Mirari Cold Plasma System Disclaimer

  • Purpose: The Mirari Cold Plasma System is a Class 2 medical device designed for use by trained healthcare professionals. It is registered for use in Thailand and Vietnam. It is not intended for use outside of these locations.
  • Informational Use: The content and information provided with the device are for educational and informational purposes only. They are not a substitute for professional medical advice or care.
  • Variable Outcomes: While the device is approved for specific uses, individual outcomes can differ. We do not assert or guarantee specific medical outcomes.
  • Consultation: Prior to utilizing the device or making decisions based on its content, it is essential to consult with a Certified Mirari Tele-Therapist and your medical healthcare provider regarding specific protocols.
  • Liability: By using this device, users are acknowledging and accepting all potential risks. Neither the manufacturer nor the distributor will be held accountable for any adverse reactions, injuries, or damages stemming from its use.
  • Geographical Availability: This device has received approval for designated purposes by the Thai and Vietnam FDA. As of now, outside of Thailand and Vietnam, the Mirari Cold Plasma System is not available for purchase or use.

References

  • American Psychiatric Association. Diagnostic and Statistical Manual of Mental Disorders, 5th ed. Arlington, VA: American Psychiatric Publishing; 2013.
  • Thapar A, Cooper M. Attention deficit hyperactivity disorder. Lancet. 2016 Mar 19;387(10024):1240-1250. doi: 10.1016/S0140-6736(15)00238-X.
  • National Institute for Health and Care Excellence. Attention deficit hyperactivity disorder: diagnosis and management. NICE guideline [NG87]. 2018 Mar 14.
  • Faraone SV, Larsson H. Genetics of attention deficit hyperactivity disorder. Mol Psychiatry. 2019 Apr;24(4):562-575. doi: 10.1038/s41380-018-0070-0.
  • Sharma A, Couture J. A review of the pathophysiology, etiology, and treatment of attention-deficit hyperactivity disorder (ADHD).
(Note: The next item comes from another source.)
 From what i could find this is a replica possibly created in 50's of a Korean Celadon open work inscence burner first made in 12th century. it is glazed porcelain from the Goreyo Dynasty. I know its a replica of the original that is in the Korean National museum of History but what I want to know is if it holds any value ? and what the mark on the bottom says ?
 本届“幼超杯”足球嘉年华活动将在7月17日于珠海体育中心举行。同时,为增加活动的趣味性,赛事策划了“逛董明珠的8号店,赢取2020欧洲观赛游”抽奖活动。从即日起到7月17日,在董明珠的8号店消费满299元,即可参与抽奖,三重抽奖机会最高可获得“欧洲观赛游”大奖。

Ann Pharmacother. 2014 Feb;48(2):209-25. doi: 10.1177/1060028013510699.
  • Tripp G, Wickens JR. Neurobiology of ADHD. Neuropharmacology. 2009 Dec;57(7-8):579-89. doi: 10.1016/j.neuropharm.2009.07.026.
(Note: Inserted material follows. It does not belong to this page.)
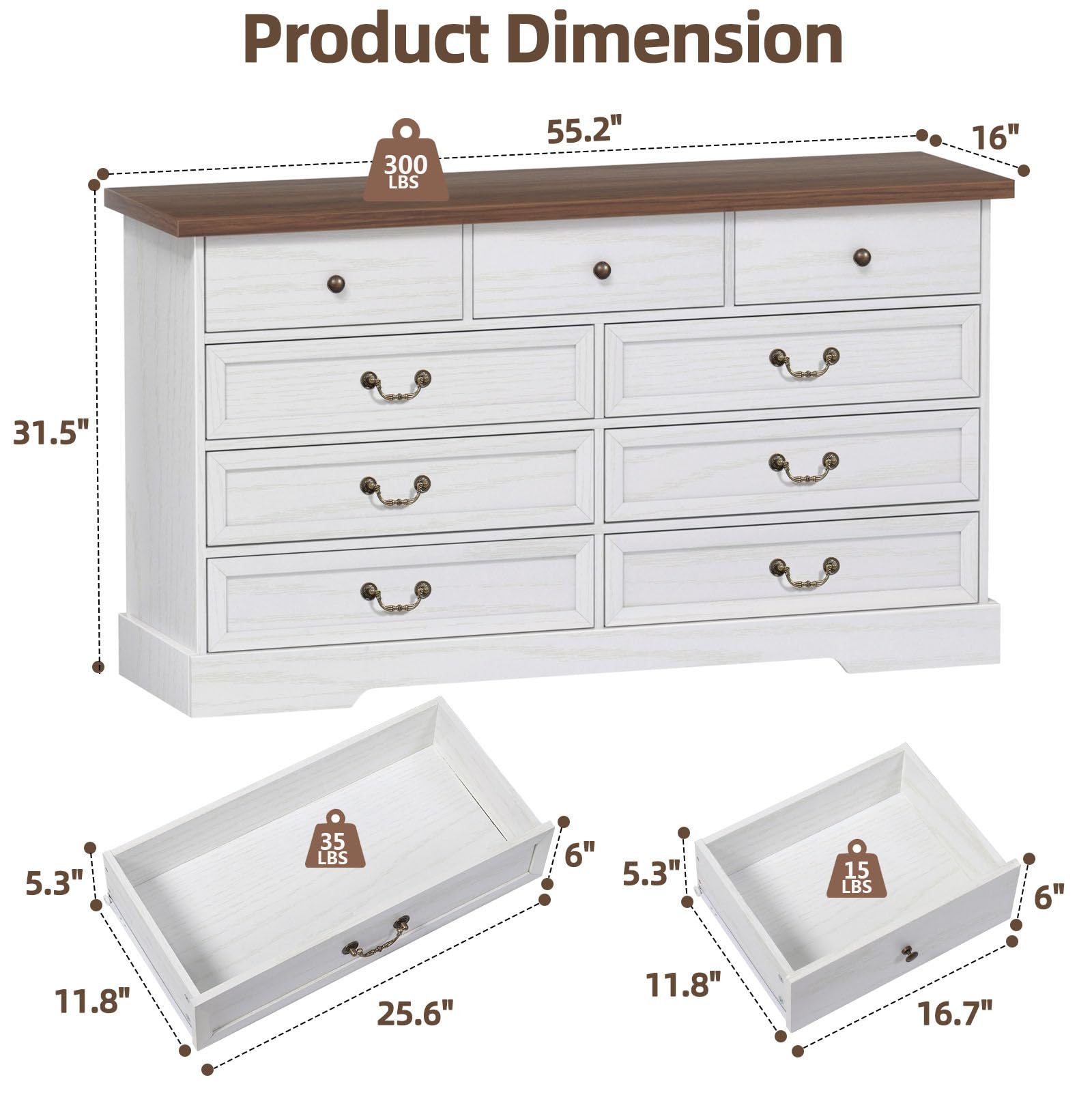 • Vintage Design with Elegant Details – Featuring vintage drawer handles, a wood-grain tabletop, and a white cabinet, this 9 drawer dresser combines modern and farmhouse styles. Its versatile design enhances any space, making it perfect for a chest of drawers in the bedroom or living room.

  • Froehlich TE, Anixt JS, Loe IM, Chirdkiatgumchai V, Kuan L, Gilman RC. Update on environmental risk factors for attention-deficit/hyperactivity disorder. Curr Psychiatry Rep. 2011 Oct;13(5):333-44. doi: 10.1007/s11920-011-0221-3.
  • Sciberras E, Mulraney M, Silva D, Coghill D. Prenatal Risk Factors and the Etiology of ADHD-Review of Existing Evidence. Curr Psychiatry Rep. 2017 Jan;19(1):1. doi: 10.1007/s11920-017-0753-2.
  • Wolraich ML, Hagan JF Jr, Allan C, et al. Clinical Practice Guideline for the Diagnosis, Evaluation, and Treatment of Attention-Deficit/Hyperactivity Disorder in Children and Adolescents. Pediatrics. 2019 Oct;144(4):e20192528. doi: 10.1542/peds.2019-2528.
  • Reale L, Bartoli B, Cartabia M, et al. Comorbidity prevalence and treatment outcome in children and adolescents with ADHD. Eur Child Adolesc Psychiatry. 2017 Dec;26(12):1443-1457. doi: 10.1007/s00787-017-1005-z.